R {dplyr}: `rename` or `mutate` data.frames in `rowwise` list-column with different column names on LHS

I'm playing around with list-columns of data.frames with {dplyr} 1.0.0 and I'm wondering whether it is possible to rename() and mutate() columns in each data.frame without leaving the pipe when the nested data.frame is grouped rowwise.
Why do I want to know / do this? As far I understand the philosophy of {dplyr} 1.0.0 it is recommending rowwise() instead of using {purrr}'s map-family on columns. Below I first show what I did before {dplyr} 1.0.0 and then show a couple of examples (most of them not working) for {dplyr} 1.0.0.

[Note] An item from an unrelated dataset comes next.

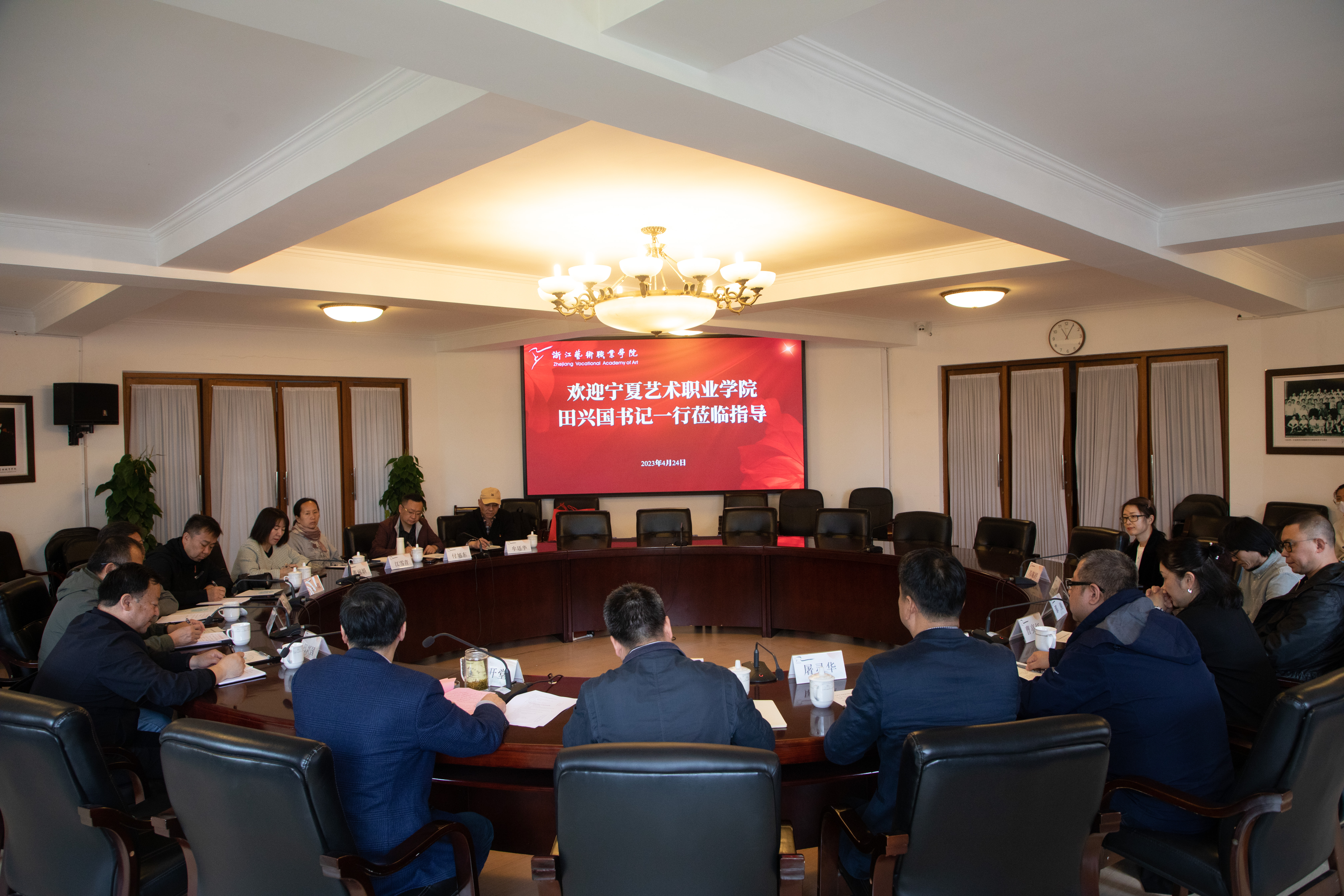 宁夏艺术职业学院党委书记田兴国对于来到浙艺交流学习感到荣幸,浙艺有美丽的校园、辉煌的历史、累累的硕果、荟萃的人才、先进的理念,尤其是浙艺特色化办学中的订单式培养模式很受启发。西部地区艺术院团市场对人才需求有制约。宁夏艺术职业学院希望在体制机制上做革命性改变,把艺术专业发展得更有影响力,希望为地方文化事业和人才培养作出贡献,相信浙艺的经验能够带来启发和帮助。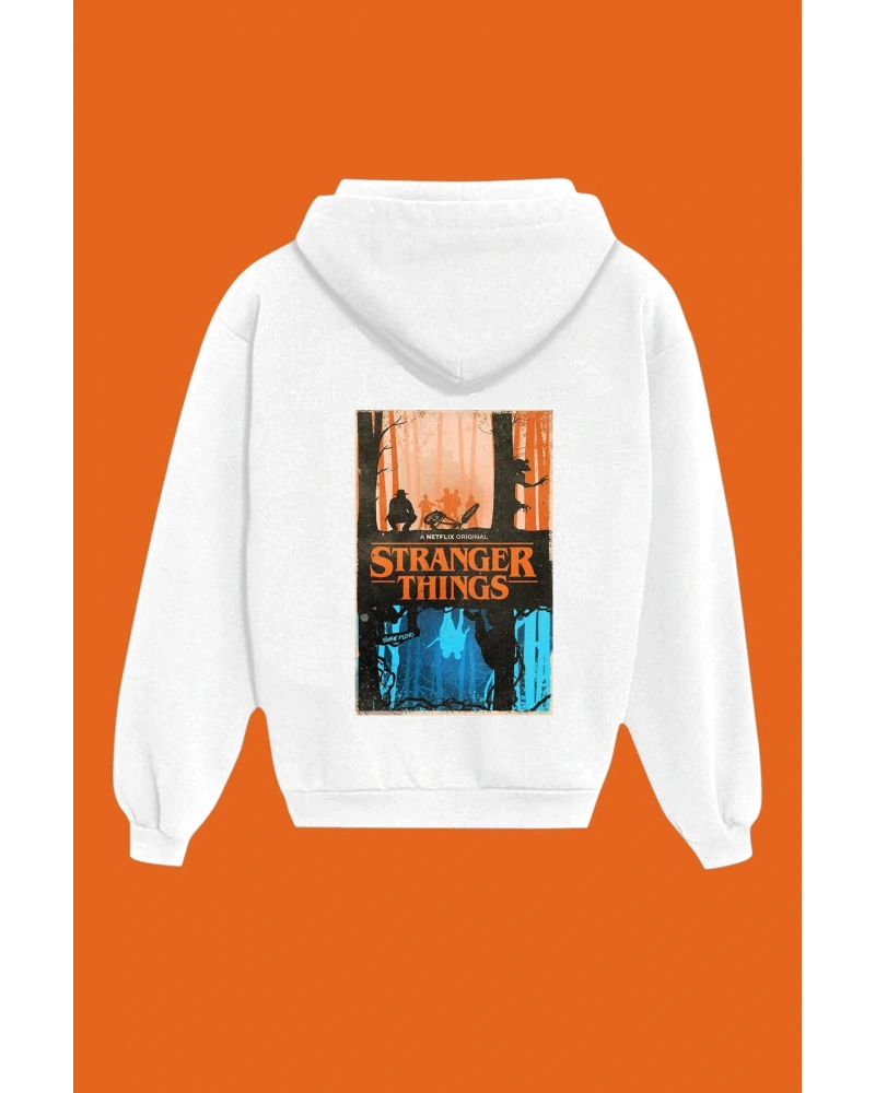 IvırZıvır----Unisex Beyaz Stranger Things Baskılı Sweatshirt

While {rlang} supports glue strings on the left hand side (LHS) which can be used when writing {dplyr} custom functions, the LHS of {dplyr} functions in a rowwise tibble seems not to be supported yet (at least my examples below are not working).
For rename I found a way using rename_with(), but I have no idea how to get it working with mutate.

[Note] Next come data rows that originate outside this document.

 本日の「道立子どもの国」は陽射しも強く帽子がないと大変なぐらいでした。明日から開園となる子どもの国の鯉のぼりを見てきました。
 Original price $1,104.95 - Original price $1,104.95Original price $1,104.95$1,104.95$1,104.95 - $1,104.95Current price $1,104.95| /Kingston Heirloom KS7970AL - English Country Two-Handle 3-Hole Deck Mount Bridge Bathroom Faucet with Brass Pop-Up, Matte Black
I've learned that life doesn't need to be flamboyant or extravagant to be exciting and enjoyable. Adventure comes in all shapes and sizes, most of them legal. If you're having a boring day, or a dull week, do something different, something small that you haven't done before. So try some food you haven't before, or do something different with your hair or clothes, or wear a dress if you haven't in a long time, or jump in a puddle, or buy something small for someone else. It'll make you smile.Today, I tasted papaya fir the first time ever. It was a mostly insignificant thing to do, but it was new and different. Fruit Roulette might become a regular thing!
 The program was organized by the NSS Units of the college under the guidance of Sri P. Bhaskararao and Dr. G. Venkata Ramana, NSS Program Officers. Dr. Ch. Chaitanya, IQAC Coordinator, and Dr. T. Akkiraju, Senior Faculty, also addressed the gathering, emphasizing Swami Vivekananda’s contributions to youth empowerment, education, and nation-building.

I also do not understand most of the error message I get. They more or less say that I'm not using a string on the LHS before := but in rowwise mode my referenced column (new) is actually a character vector of length == 1.
library(dplyr, quietly = TRUE, warn.conflicts = FALSE)
library(purrr)
myiris <- iris %>%
nest_by(Species, .key = "mydat") %>%
ungroup %>%
mutate(new = letters[1:3])
# our data looks like this
# we want to use the strings in column `new` on the LHS of `rename` and `mutate`
myiris
#> # A tibble: 3 x 3
#> Species mydat new
#> <fct> <list<tbl_df[,4]>> <chr>
#> 1 setosa [50 x 4] a
#> 2 versicolor [50 x 4] b
#> 3 virginica [50 x 4] c
# For reference: under dplyr < 1.0 I did the following:
# rename in pipe
# working
myiris %>%
mutate(mydat = map2(mydat, new,
~ rename_at(.x, "Sepal.Length", function(z) paste(.y)))) %>%
pull(mydat)
#> [[1]]
#> # A tibble: 50 x 4
#> a Sepal.Width Petal.Length Petal.Width
#> <dbl> <dbl> <dbl> <dbl>
#> 1 5.1 3.5 1.4 0.2
#> 2 4.9 3 1.4 0.2
#> 3 4.7 3.2 1.3 0.2
#> 4 4.6 3.1 1.5 0.2
#> # ... with 46 more rows
#>
#> [[2]]
#> # A tibble: 50 x 4
#> b Sepal.Width Petal.Length Petal.Width
#> <dbl> <dbl> <dbl> <dbl>
#> 1 7 3.2 4.7 1.4
#> 2 6.4 3.2 4.5 1.5
#> 3 6.9 3.1 4.9 1.5
#> 4 5.5 2.3 4 1.3
#> # ... with 46 more rows
#>
#> [[3]]
#> # A tibble: 50 x 4
#> c Sepal.Width Petal.Length Petal.Width
#> <dbl> <dbl> <dbl> <dbl>
#> 1 6.3 3.3 6 2.5
#> 2 5.8 2.7 5.1 1.9
#> 3 7.1 3 5.9 2.1
#> 4 6.3 2.9 5.6 1.8
#> # ... with 46 more rows
# mutate in pipe
# was never working even under dplyr < 1.0.0
myiris %>%
mutate(mydat = map2(mydat, new,
~ mutate(.x, eval(.y) := .y))) %>%
pull(mydat)
#> Error: Problem with `mutate()` input `mydat`.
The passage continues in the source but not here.